Las palabras se las lleva el viento. Es cierto que nos ayudan a poner nombre a lo que vivimos, a compartir lo que llevamos en nuestro interior, o a comunicarnos con más o menos éxito,... Pero lo que mejor habla de cada uno de nosotros son nuestros actos, que son los que ofrecen autenticidad a decimos.
Nuestra vida transmite algo con sentido e ilusionante, si nuestras acciones son capaces de trasparentar nuestras opciones. Con quien decidimos estar, nuestros gestos, la manera de dar la clase, nuestras miradas, nuestra forma de relacionarnos, tender una mano o pedir perdón,... todo lo que hacemos habla de nosotros...

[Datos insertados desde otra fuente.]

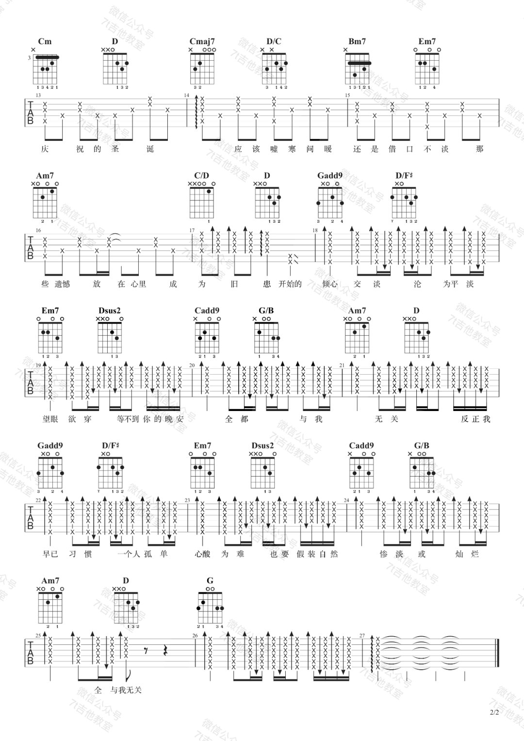 阿冗《与我无关》吉他谱,7t吉他编配出品,共有2张高清图谱,免翻页排版设计。《与我无关》吉他谱的原调是Bb大调,视频演示中的是G大调的指法来编配,标准音调弦,变调夹夹在2品,适合音域较低的男生。想唱原调的小伙伴夹3品就可以了哟。右手节奏型方面大家可以自由发挥,因为很多节奏型都能把同一首歌弹的很好听,不必完全按照谱子上的来弹哟~尤其是初学者如果觉得谱子的节奏型太难,完全可以用最基础的节奏型来代替!阿冗总会带来那种让人激发心底勇气的旋律感,喜欢激昂的便宜不要错过哟~
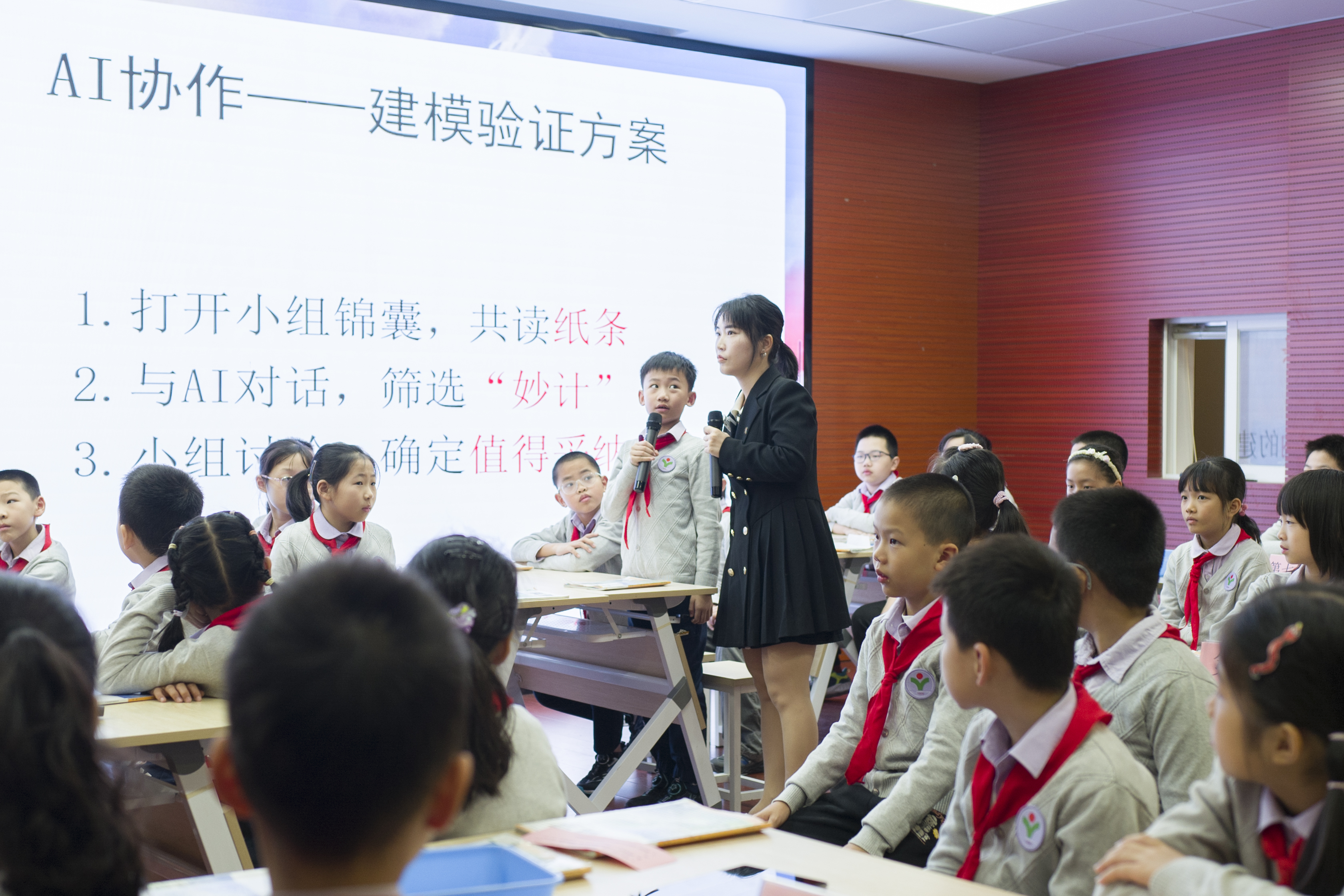 《河流和湖泊》:鼓一小方玉萍老师打破传统模式,让 AI 化身 “学习参谋”。学生通过与 AI 对话筛选信息、获取建模思路,再用托盘、太空沙等材料动手建模,实现 “情境创设 —AI 辅助 — 实践验证” 闭环,培养人机协作解决复杂问题的能力。
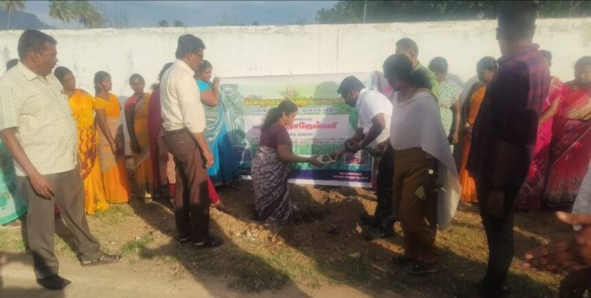 போடிநாயக்கனூர் நகர் மன்ற தலைவர் திருமதி ராஜராஜேஸ்வரி சங்கர் தலைமையில் போடி முந்தல் சாலையில் உள்ள நகராட்சிக்கு பாத்திய பட்ட இடத்தில் பனைமர விதைக்களை நட்டு வைத்து துவக்கி வைத்தார்
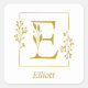 Joli sceau / autocollant avec cadre botanique dessiné à la main en or avec la lettre botanique E au centre. Personnalisez avec le nom
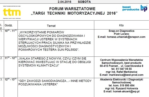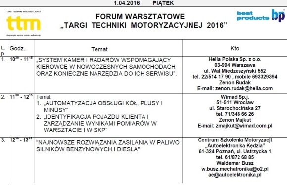 Forum potrwa dwa dni. Pierwszego dnia, w piątek, Zenon Rudak z firmy Hella Polska omówi narzędzia konieczne do serwisu systemów kamer i radarów, które wspomagają kierowcę w nowoczesnych samochodach. Kolejne tematy to automatyzacja obsługi kół, najnowsze rozwiązania zasilania w paliwo silników benzynowych i Diesla, diagnostyka systemów elektronicznych czy TPMS.
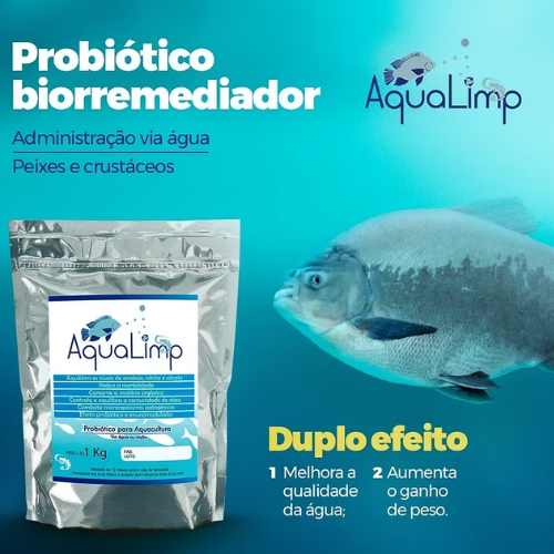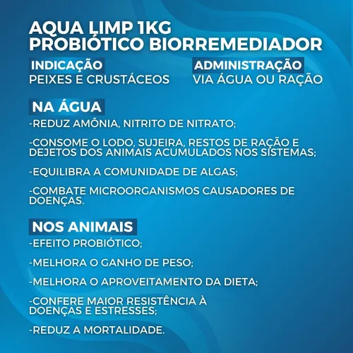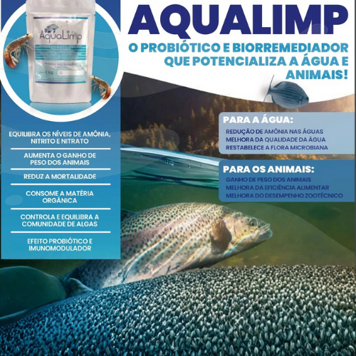 AquaLimp é um probiótico com atividade biorremediadora de aplicação via água ou ração, sua fórmula é altamente concentrada em bactérias benéficas, é compatível com peixes e crustáceos.
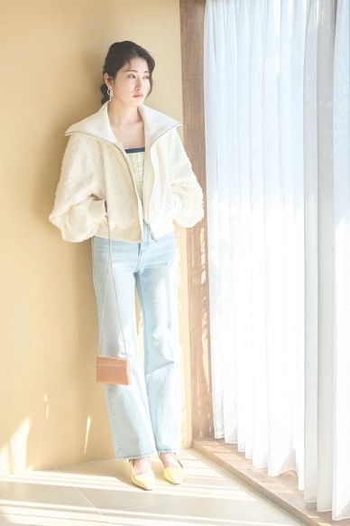 イエローのトップスやライトブルーのデニムが春らしいコーデ。 短丈のブルゾンはスタイルアップ効果抜群!デコルテを見せて女性らしさも忘れずに♡
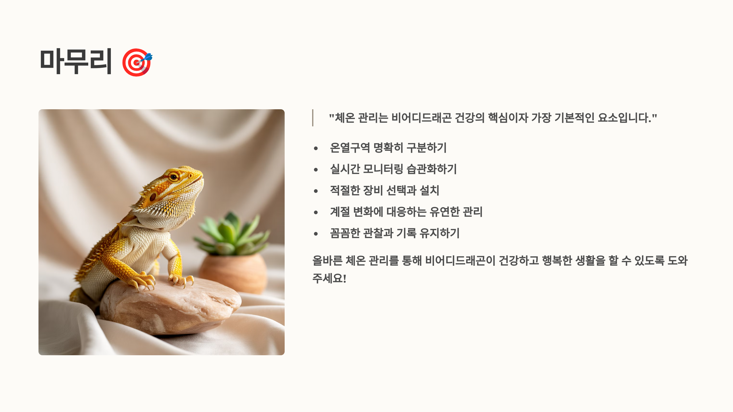 이 글에서 다룬 내용들을 하나씩 실천해보면서 여러분의 드래곤에게 가장 적합한 환경을 찾아가세요. 처음에는 어려워 보일 수 있지만, 시간이 지나면 자연스럽게 익숙해질 거예요. 무엇보다 드래곤의 행동과 건강 상태를 꾸준히 관찰하는 것이 가장 중요해요. 사랑하는 반려동물을 위한 노력은 결코 헛되지 않을 거예요! 🦎💚
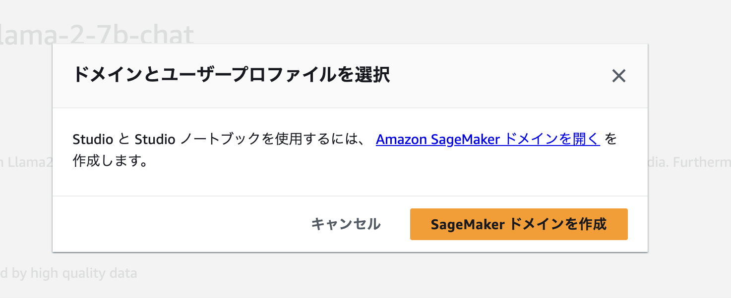 モデルの詳細画面に遷移するので、右上の「Studioでノードブックを開く」を押下します。これで SageMaker Studioが起動するのかと思いきや...
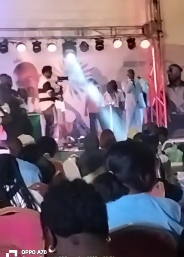 performance on a stage in front of an audience. The stage is lit with spotlights and features a backdrop with a design. A group of people is on stage, some wearing formal attire. The audience is seated and facing the stage. The video is taken from the perspective of someone in the audience. There is text at the bottom of the screen with the phone model used to record the video, the username of the person who recorded the video, and the date and time.
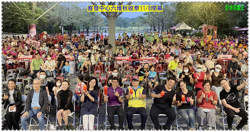 客委會【客家文化發展中心】六堆客家文化園區「2020五穀豐登慶秋收」跨二週的秋收祭系列活動,11/8下午圓滿閉幕,由客發中心何金樑主任、屏東縣府客務處陳麗萍處長、高雄市美濃區鍾炳光區長、新埤鄉林志成鄉長及21個高屏地區優秀隊伍,共同慶豐收踩街遊園,並以「蠟燭點光-靚靚六堆」作為共創美好六堆儀式,象徵客家精神綿延不絕,預告「六堆秋收閉幕,客庄活動接續」,接下來高屏六堆各鄉區會非常熱鬧,一鄉接一鄉,春夏秋冬都有精彩活動持續上演。

Los educadores debiéramos recordarlo más a menudo. Sin decir una sola palabra, nuestros actos pueden estar preñados de evangelio, de buena noticia para nuestros alumnos cada mañana. La gratuidad, la paciencia, la delicadeza, la ternura, la misericordia, la acogida, el servicio, la paz, ... son ese espacio común compartidos, por hombres y mujeres, creyentes y no creyentes, todos de buen corazón, que saben recordarse cada día que son esos pequeños actos los que marcan la diferencia, haciéndonos buena noticia para quienes comparten con nosotros la jornada.
No debemos ser ingenuos. Conviene también recordarnos que nuestros actos pueden estar hablando de otras cosas bien distintas: de poder, de manipulación, de empequeñecimiento, de privilegios, de dureza, de elitismo, o de envidia,... son tantos actos los que pueden oscurecer una vida... y nadie estamos libres de ellos.
Solo nos queda estar atentos a uno mismo, a nuestras opciones más inspiradoras (en mi caso Jesús de Nazaret), a las consecuencias de las mismas (por nuestros frutos nos conocerán),... y redoblar esfuerzos, intentos, aprendiendo a levantarse una y otra vez de nuestra propia mediocridad, sin escandalizarnos de nosotros mismos. Y todo gracias a Quien sabemos que nos hemos fiado, su amor lo hace posible. Gracias y buena semana.